- Hut 8 mined 256 bitcoin in November.
- The Canadian miner has deposited all the BTC it scooped last month into custody, maintaining its “hodl” strategy.
- Hut 8 now holds 5,242 bitcoin in reserve.
Canadian bitcoin mining company Hut 8 deposited all of its 256 bitcoin mined in November into custody, the company said in a statement Thursday. The miner embarked on a “Hodl” strategy earlier this year and currently holds 5,242 BTC in reserve.
Hut 8 also said it is leveraging Luxor pool to increase its daily BTC revenue. Luxor Technologies provides a profit-switching tool that allows miners to maximize rewards by employing computing power to other blockchains while receiving payouts in bitcoin. Hut 8 said it had completed the deployment of its NVIDIA chips at its Medicine Hat, Alberta, facility.
“Our NVIDIA CMP deployment is contributing revenue of approximately CAD$140,000 [USD$109,000] per day, based upon current mining economics,” said Jason Zaluski, head of technology for Hut 8, in the statement. “Given the low power intensity of these chips…we are achieving unit margins in excess of 95%.”

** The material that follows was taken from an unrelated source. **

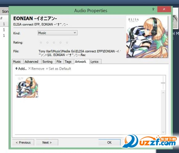 点击artwork再点击Add..(添加)可以选择图像文件成为专辑封面

The NVIDIA chips generate Hut 8 roughly 1.8 – 2.0 additional bitcoin per day; in November, the miner averaged 8.3 bitcoin mined per day.
“Hut 8 currently has an installed hashrate of approximately 1.7 exahashes per second (EH/s), which includes the converted hashrate from its fleet of CMPs,” per the statement.

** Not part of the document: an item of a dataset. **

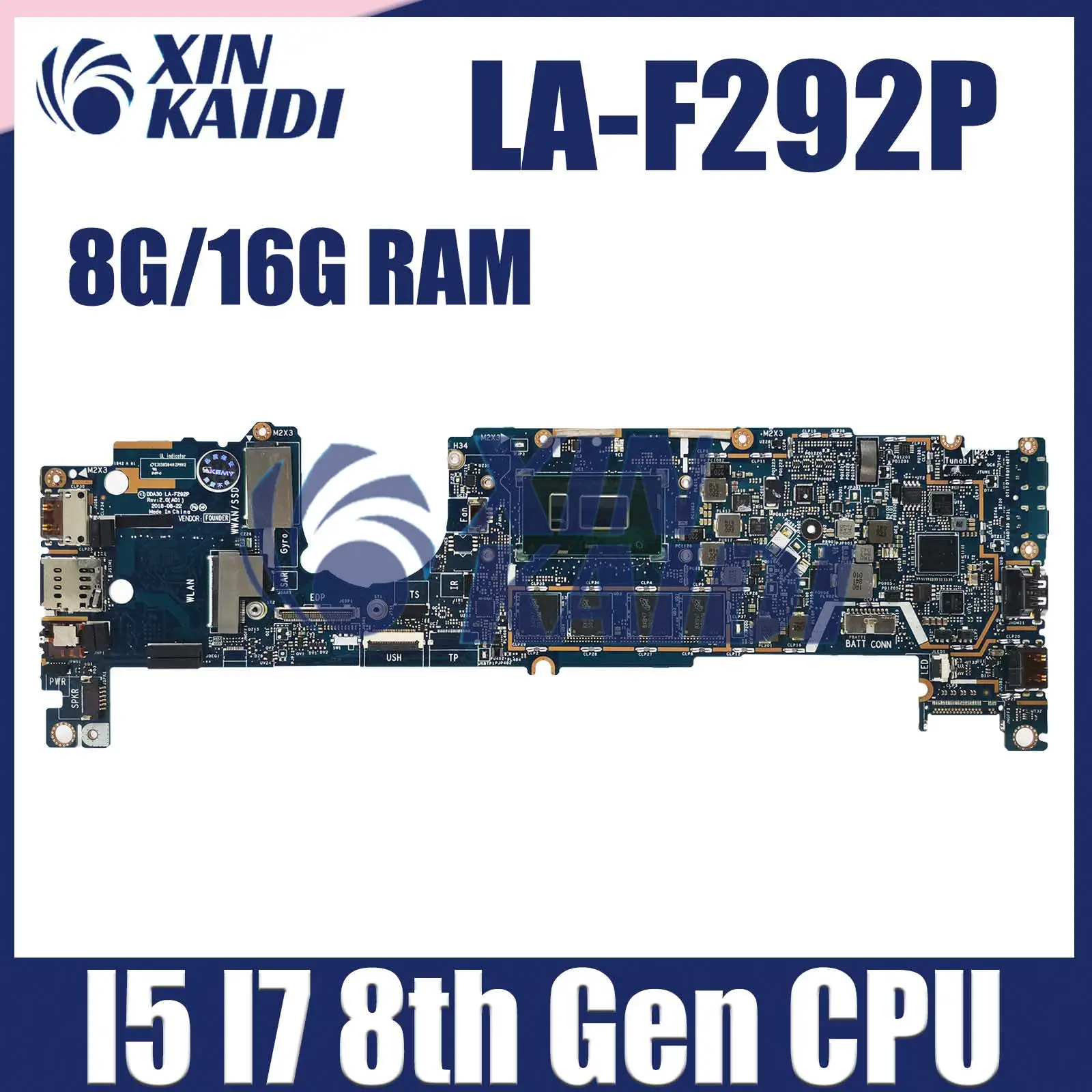 Laptop Motherboard For Dell Latitude 7390 02WCVJ 041M0M 0CM3RM LA-F292P Notebook Mainboard i5 i7 8th Gen CPU RAM 8G 16G

Hut 8 is a publicly-traded miner listed on the Nasdaq and the Toronto Stock Exchange under the same ticker symbol, HUT. It has profited from the great ASIC exodus this summer, which dropped Bitcoin’s difficulty sharply at the time. The U.S., Kazakhstan, and Russia all benefited from the Chinese crackdown on bitcoin mining and have emerged as the new top three mining countries in the world.